I was a shaking wreck for the next few hours. I was cautiously optimistic. I tried to do work, but I couldn’t focus. I researched and checked my phone and waited. They called at 2pm. “There are pregnancy hormones but they’re in the equivocal range so we can’t confirm either way. Your progesterone is low too, so it’s really not looking good. Sorry.”

They instructed me to come in for another blood test on Saturday to see what was happening. She told me that if I started bleeding, not to worry, because it was probably ‘just a miscarriage’.

I tested Friday morning on a pink dye test and the line was darker. Still faint but I didn’t have to squint to see it. It was a little darker again today.
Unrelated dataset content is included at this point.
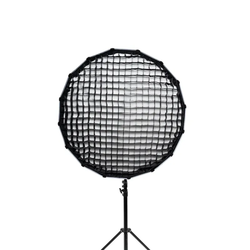 This Light Dome SE from Aputure is a 16-sided modifier with a 35.5" diameter. It has a soft wraparound quality that is a hallmark of this shape, especially when used close to the subject. It also has a few surprises that offer you several contrast options. The 1.5 and 2.5-stop front diffusion fabrics offer ways to manipulate the light. Additionally, a removable 1.5-stop internal baffle softens the initial point source of light and allows it to fill the entire softbox more evenly. The 45 fabric grid provides directional control to enable selective lighting. The Light Dome SE has a Bowens-type speed ring compatible with lights such as the Amaran 100d, 100x, 200d, 200x, Aputure LS 600d Pro, 300d II, 300x, and the 120d II, as well as many other lights that use this popular mount.
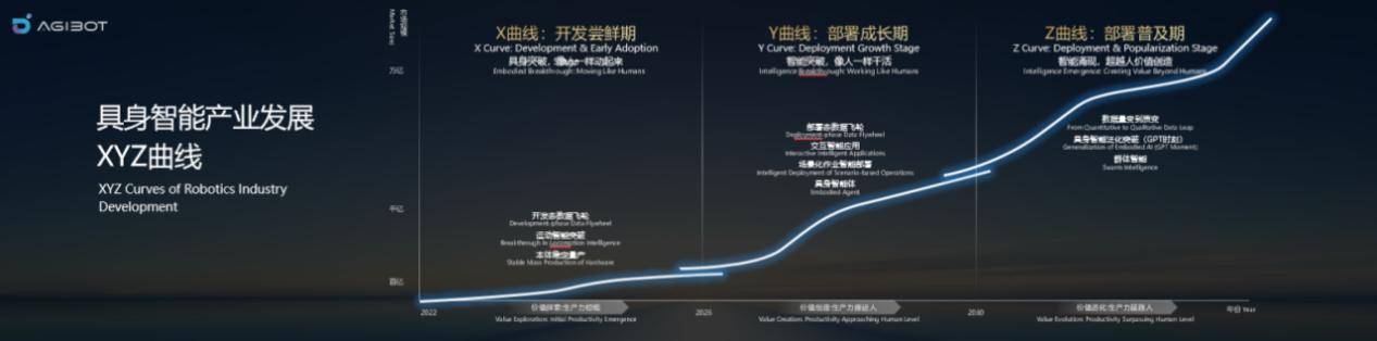 第一个阶段是2022年至2025年,为X曲线,具身智能从实验室概念变为能动起来的机器人,其核心是“具身”,对智元来说,在2023年成立,并在当年发布了首款人形机器人远征A1,完成技术可行性验证,2025年完成5000台量产。

I just went for my follow-up blood test. In the two days since that first phone call, I’ve developed hope. I want to have that little baby who defies the odds, who survives even though they said he/she wouldn’t. I want it to stick. I want it so badly, it hurts. But there are cramps this morning and a bit of red blood when I wipe. It doesn’t look great. Realistically, I am prepared for the worst, but foolishly I’m hoping for the best.

Update:

It’s now Monday. My test results on Saturday showed that my HcG had almost doubled, but that my progesterone was still dangerously low. They’ve started me on progesterone pessaries, to give the baby the best chance possible. I was told to wait 4 days for a blood test this time, so I’m not due back in until Wednesday. I’m so anxious about it. I’ve had occasional shooting pains in my breast, a bloody nose and I’m urinating a lot. But that’s it. Nothing super obvious. When I take the pessaries, I bleed. Today I’ve had some red blood when I wipe and it’s all I can think about.

Wednesday seems so far, and even then, there probably won’t be definitive answers. Just more waiting. I just want to know it’s viable. I want it to work out. I downloaded a pregnancy app this morning, and I think allowing myself to be this hopeful is dangerous, but I can’t help myself. I want a baby. I want this baby.

But I don’t think it’s meant to be. There’s red blood and I just don’t think it’s going to last.